Aux termes de l’article L. 521-1 du code de l'entrée et du séjour des étrangers et du droit d'asile : « Tout étranger présent sur le territoire français et souhaitant demander l'asile se présente en personne à l'autorité administrative compétente qui enregistre sa demande et procède, dans des conditions fixées par décret en Conseil d'Etat, à la détermination de l'Etat responsable en application du règlement (UE) n° 604/2013 du Parlement européen et du Conseil, du 26 juin 2013, établissant les critères et mécanismes de détermination de l'Etat membre responsable de l'examen d'une demande de protection internationale introduite dans l'un des Etats membres par un ressortissant de pays tiers ou un apatride, ou en application d'engagements identiques à ceux prévus par le même règlement ». Les articles L. 521-2 à L. 521-7 du code de l'entrée et du séjour des étrangers et du droit d'asile ainsi que l’article R. 521-4 du même code précisent, en particulier, les modalités d’enregistrement des demandes d’asiles ainsi que les conditions dans lesquelles le demandeur peut se voir remettre une attestation de demande d’asile tandis que les articles L. 541-2 et L. 542-1 précisent les modalités du droit accordé à tout demandeur d’asile de se maintenir sur le territoire français. Les dispositions des articles L. 521-1 à L. 521-7 du code de l'entrée et du séjour des étrangers et du droit d'asile obligent les autorités, sauf exceptions, à enregistrer la demande d’asile qu’un étranger aurait formulé lors de son audition par les services de police.
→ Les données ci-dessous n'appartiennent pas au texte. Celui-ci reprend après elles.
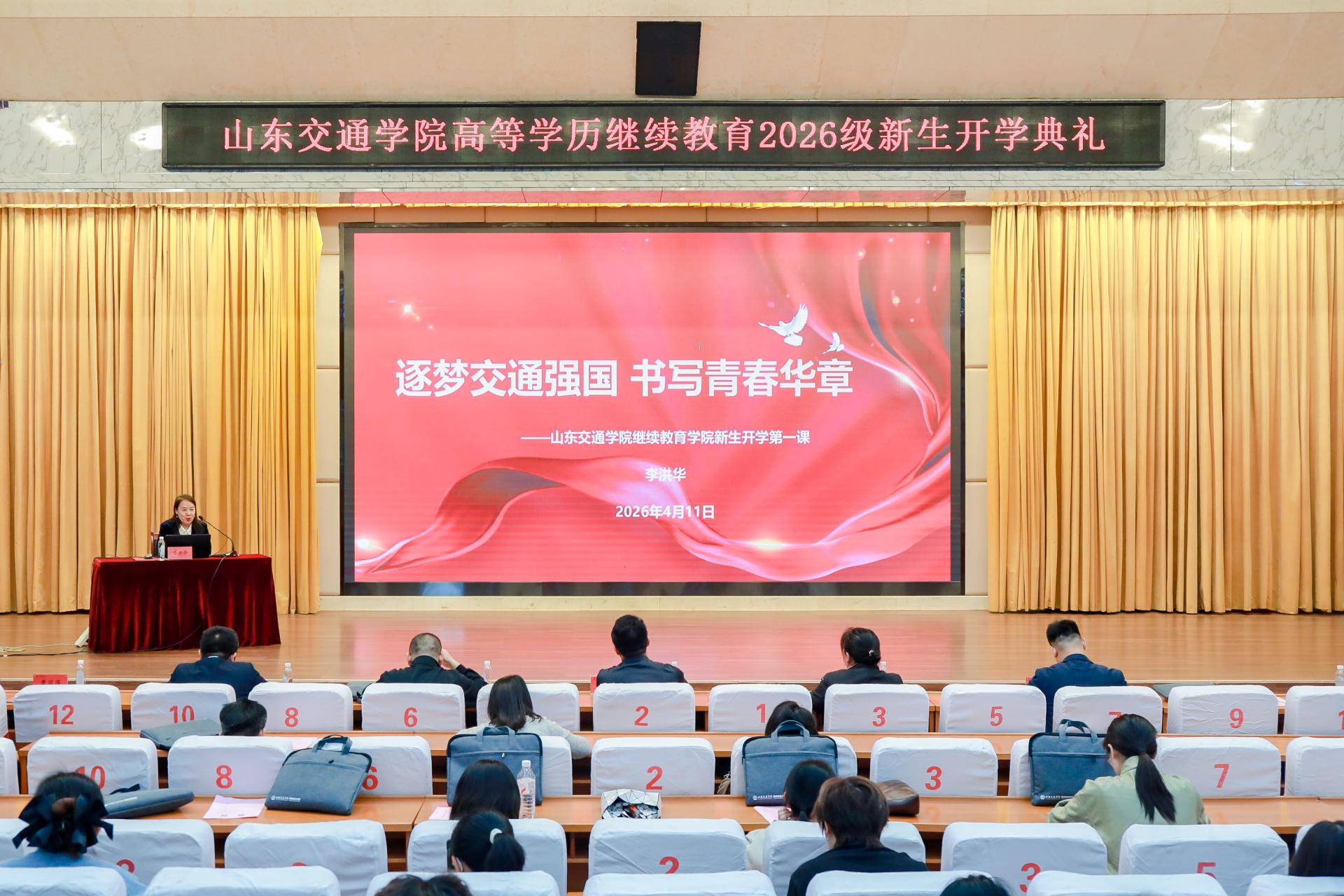 4月11日上午,学校在长清校区学术报告厅举行高等学历继续教育2026级新生开学典礼。学校党委委员、副院长张萌萌出席。

En l’espèce, il ressort des termes du procès-verbal du 17 juillet 2025 que Mme C... A... a explicitement déclaré qu’elle s’était rendue à la sous-préfecture de Pointe-à-Pitre, à la Croix Rouge et à l’OFII car elle voulait faire une demande d’asile mais qu’elle n’a pu obtenir les documents correspondants, exprimant ainsi sans équivoque son intention de déposer une demande d’asile. Alors qu’il s’agissait d’une première demande d’asile, le représentant de l’Etat, qui était tenu de mettre l’intéressé en mesure de saisir l’Office français de protection des réfugiés et apatrides, ne pouvait prendre une décision d’éloignement avant que ce dernier n’ait statué.

Il résulte de ce qui précède, sans qu’il soit besoin d’examiner les autres moyens de la requête, que l’obligation de quitter le territoire français sans délai du 17 juillet 2025 doit être annulée, ainsi que, par voie de conséquence, les décisions du même jour portant refus de délai de départ volontaire, fixation du pays de renvoi et interdiction de retour.

Sur les conclusions à fin d’injonction :

Aux termes du premier alinéa de l’article L. 911-1 du code de justice administrative : « Lorsque sa décision implique nécessairement qu'une personne morale de droit public ou un organisme de droit privé chargé de la gestion d'un service public prenne une mesure d'exécution dans un sens déterminé, la juridiction, saisie de conclusions en ce sens, prescrit, par la même décision, cette mesure assortie, le cas échéant, d'un délai d'exécution ». Aux termes de l’article L. 512-4 du code de l’entrée et du séjour des étrangers et du droit d’asile : « Si l’obligation de quitter le territoire français est annulée, il est immédiatement mis fin aux mesures de surveillance prévues aux articles L. 513-4, L. 551-1, L. 552-4, L. 561-1 et L. 561-2 et l’étranger est muni d’une autorisation provisoire de séjour jusqu’à ce que l’autorité administrative ait à nouveau statué sur son cas. »

Eu égard aux motifs de la présente décision, l’annulation de l’obligation de quitter le territoire français contestée implique seulement que le préfet de la Guadeloupe réexamine la situation de Mme C... A... et qu’il lui délivre une autorisation provisoire de séjour jusqu’à ce qu’il ait à nouveau statué sur son cas dans le délai d’un mois, à compter de la notification du présent jugement.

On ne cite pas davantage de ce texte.